I know it sounds complicated, but bear with me, it’s worth it.
A Merkle Tree is a data structure that is very useful in distributed scenarios because it allows you to securely verify data structures without having to transfer the entire data structure.
Thes use cases have been exploding in recent years:
- Distributed Version Control (Git/Mercurial)
- Copy-On-Write Filesystems (btrfs/ZFS)
- Distributed NoSQL Databases (Cassandra, Riak, Dynamo)
- The distributed web! (IPFS)
- Cryptos (Bitcoin, Ethereum)
These all use Merkle trees to ensure data consistency.
The structure of a Merkle Tree “is a tree in which every leaf node is labelled with the hash of a data block and every non-leaf node is labelled with the cryptographic hash of the labels of its child nodes”¹
The parts of the Merkle tree are the branches (lines between nodes), the nodes, and the root (the very top node).
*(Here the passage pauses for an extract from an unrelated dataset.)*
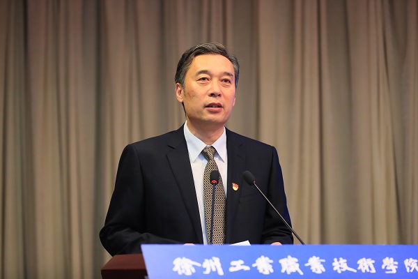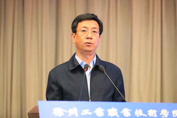 徐州市人民政府秘书长吴昊代表徐州市委、市政府对大会的召开表示热烈祝贺,对学校长期以来服务徐州地方经济社会发展做出积极努力和突出贡献的给予了充分肯定。他希望学校抢抓徐州中心城市建设和职业教育发展契机,主动围绕地方主导产业发展、传统产业升级以及人才市场需求变化,加快建设区域开放共享的技能型人才实践教学中心、创新创业人才培养基地和技术研发服务中心,早日建成全国一流的高职院校,为“强富美高”新徐州建设做出新的更大贡献。

The hashes 0-0 and 0-1 are the hash values of the data blocks (data chunks) L1 and L2 respectively. The hash 0 is a concatenation of the hashes 0-0 and 0-1 and so on. By walking this tree, one is able to verify that a data chunk actually exists!
I still don’t get it, why are they used exactly?
Why Use Merkle Trees?
There must be good reasons why the use of Merkle Trees have exploded in recent years. Let’s list them now!
- They allow you to securely verify a data structure! ZFS uses this to ensure that data stored is actually consistent with earlier versions of data.
- They significantly reduce the size of data you need to prove the consistency of data. Bitcoin “light clients” only need to download block headers for each block in its blockchain instead of the entire block in order to verify its integrity. This is the main reason why they’re being used in distributed applications.
- It separates the verification of the data from the data itself. Cassandra DB’s AntiEntropy service uses Merkle Trees to detect inconsistencies in data between replicas because they don’t have to send the data itself across replicas for verification, only hash data.
What kind of Proofs are there?
There are two Merkle Proofs that allow you to verify Merkle data in different ways.
Audit Proof: This kind of proof lets you verify that a single chunk actually exists in the tree.
Consistency Proof: This kind of proof is only applicable to append-only Merkle trees. It lets you verify that earlier versions of the tree are consistent with newer versions of the tree, that they’re in the same order, and that all new records come after all old records.
For more information about the specific implementation of these proofs you can reference this blog post.
Hopefully you now understand a little better the uses cases for Merkle Trees in distributed applications. Enjoy!